First a little note: you really should use ATTO to test the throughput on RAID-volumes, not HDTune which only uses a queue depth of 1 to access the RAID: that means both disks in the RAID are not used at 'full throttle'. ATTO on the other hand, will test on the filesystem. So all optimizations the filesystem has (write buffering and read-ahead) will get used.

HDTune on RAID-arrays can provide wrong (lower) results.

But more important than the maximum MB/s you can get, the throughput, there is also the IOps performance of your array. Those cannot be tested easily though some proprietary tests (PCmark/Vantage/iPeak) exist that try to mimic real applications such as Firefox or Microsoft Office to see how well the storage device performs when simulating the I/O behavior of these applications.

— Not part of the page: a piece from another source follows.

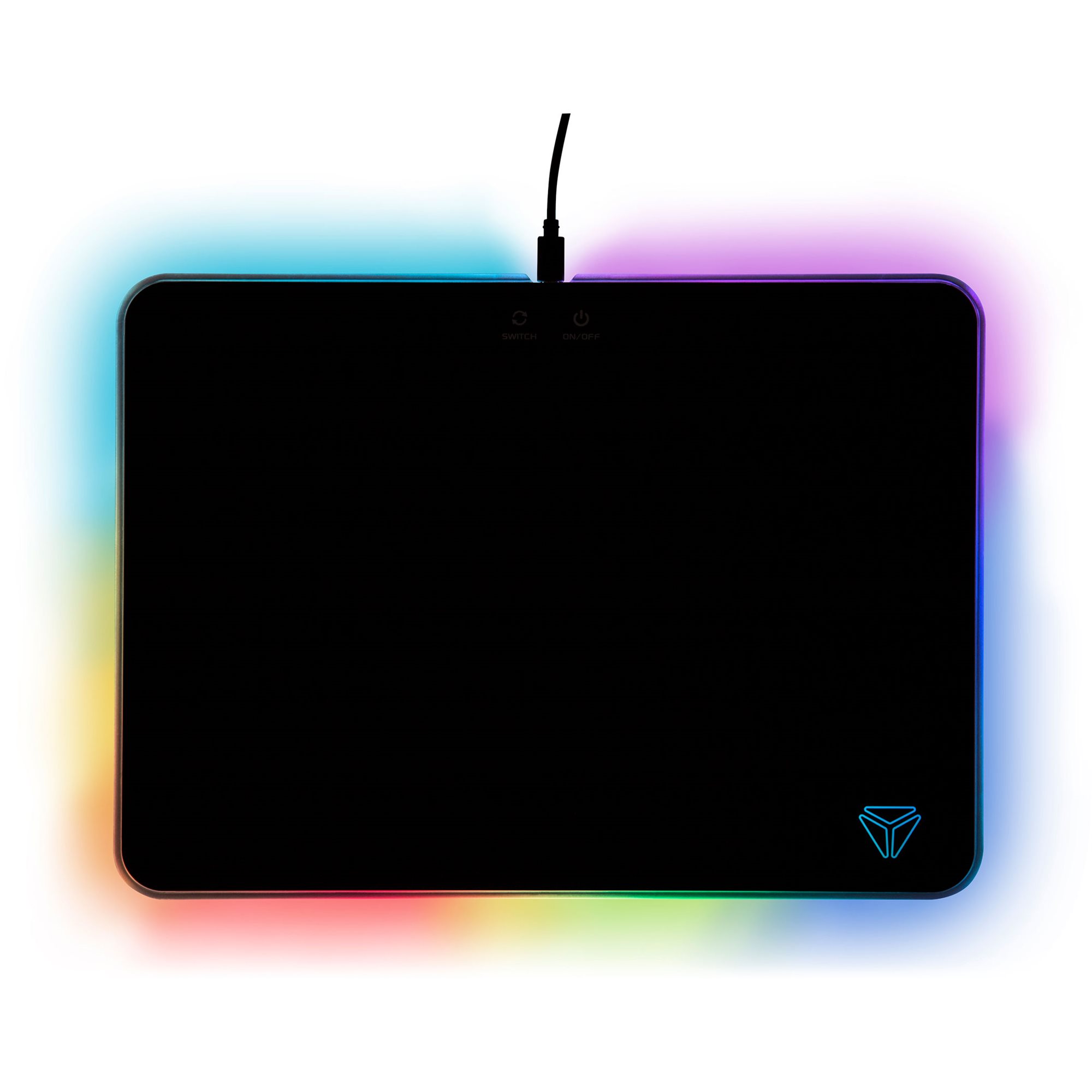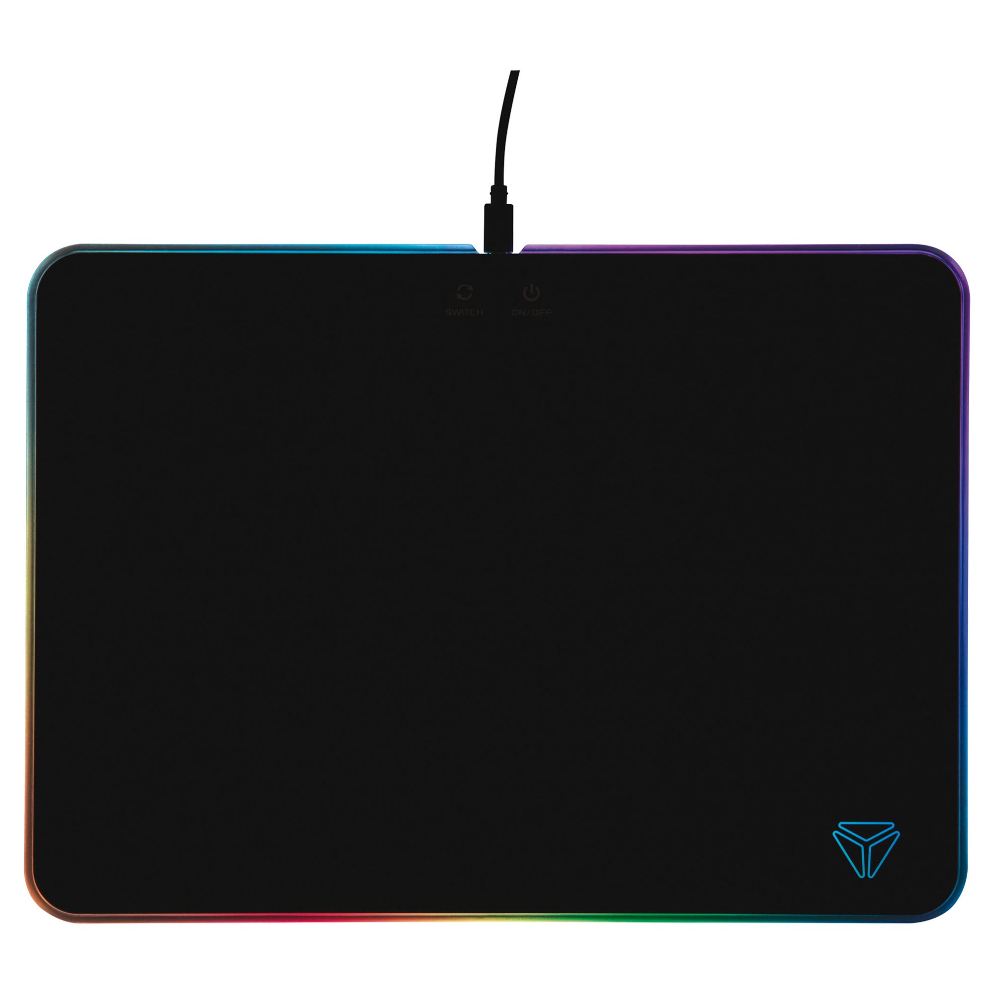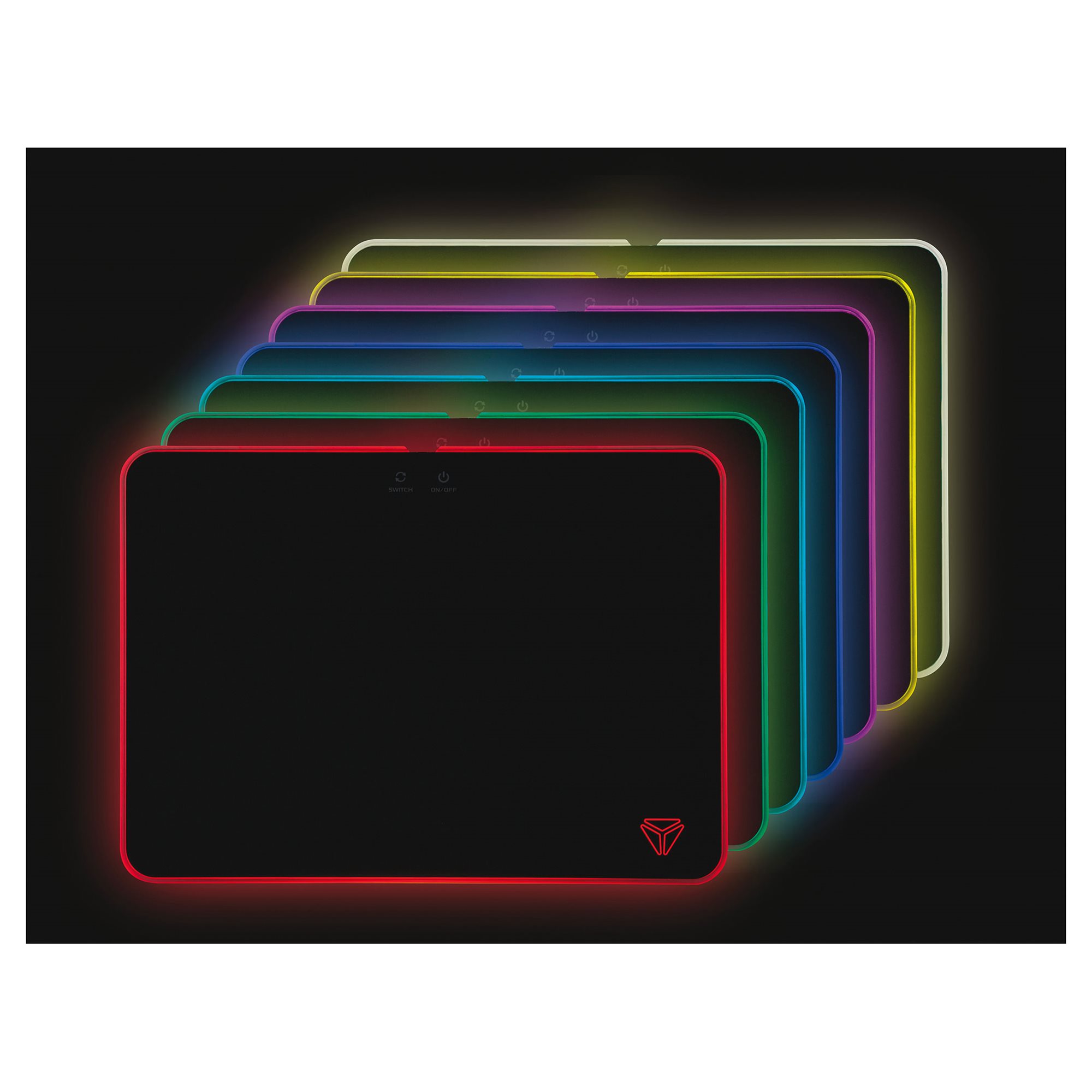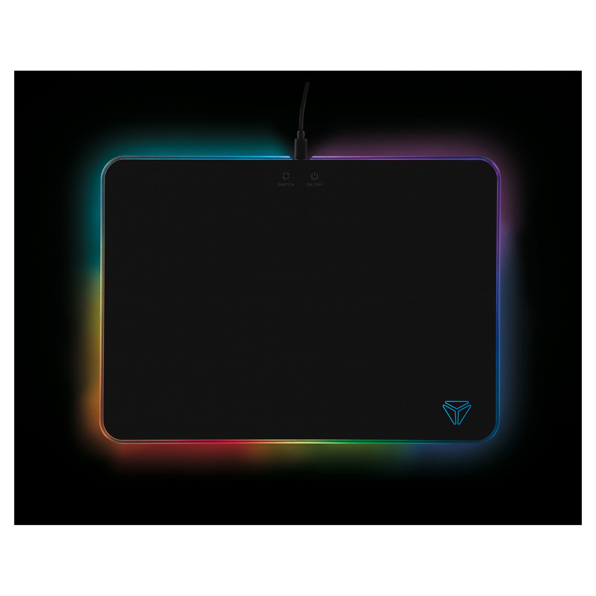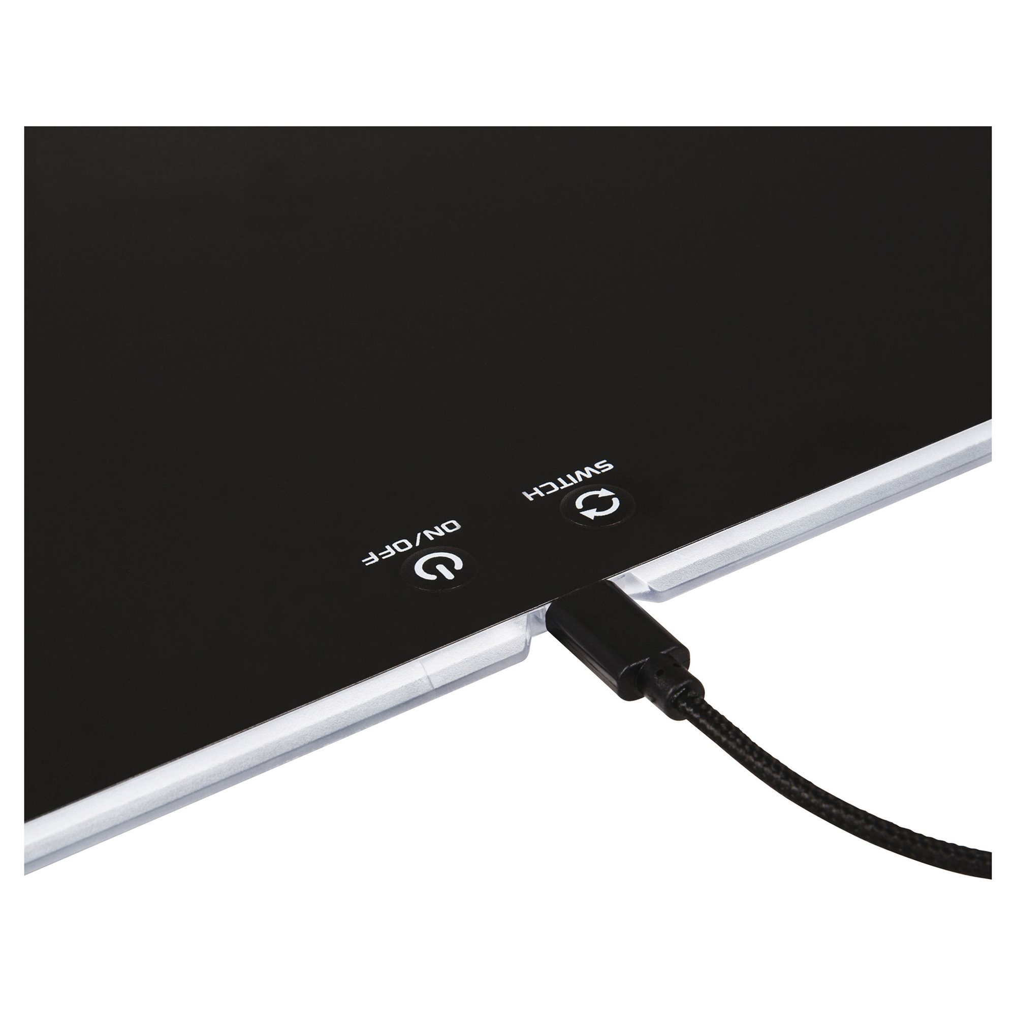 Regulator podświetlenia jest łatwo dostępny i znajduje się na tym samym poziomie co powierzchnia podkładki, nie zmniejszając przestrzeni do gry i nie ograniczając ruchu myszy.

RAID0 in theory could improve both IOps and throughput in the same degree: they double with each increase in disk count: 2 disks in RAID0 can provide up to 200% increase in IOps and throughput. But this is theory, in reality - especially on Windows - many performance barriers exist that get the most out of your RAID-array. One important one that limits IOps performance is called a 'stripe misalignment'. This is because Windows partitions in a way that causes one 'filesystem block' to encompass two or more stripe blocks. In simpler terms, the filesystem and RAID-system are not properly 'aligned'. This in turn, causes one I/O operation to be handled by two or more disks in your RAID0 array. Whereas it would be better if each disk in the array can process its own I/O operation. In this case, your RAID-array can process 4 I/O's simultaneously instead of one at a time, which is very much faster indeed.

So that's what i meant with Windows systems being 'crippled' when using striping RAID storage. This does not affect RAID-1 (mirrors) or JBOD arrays though.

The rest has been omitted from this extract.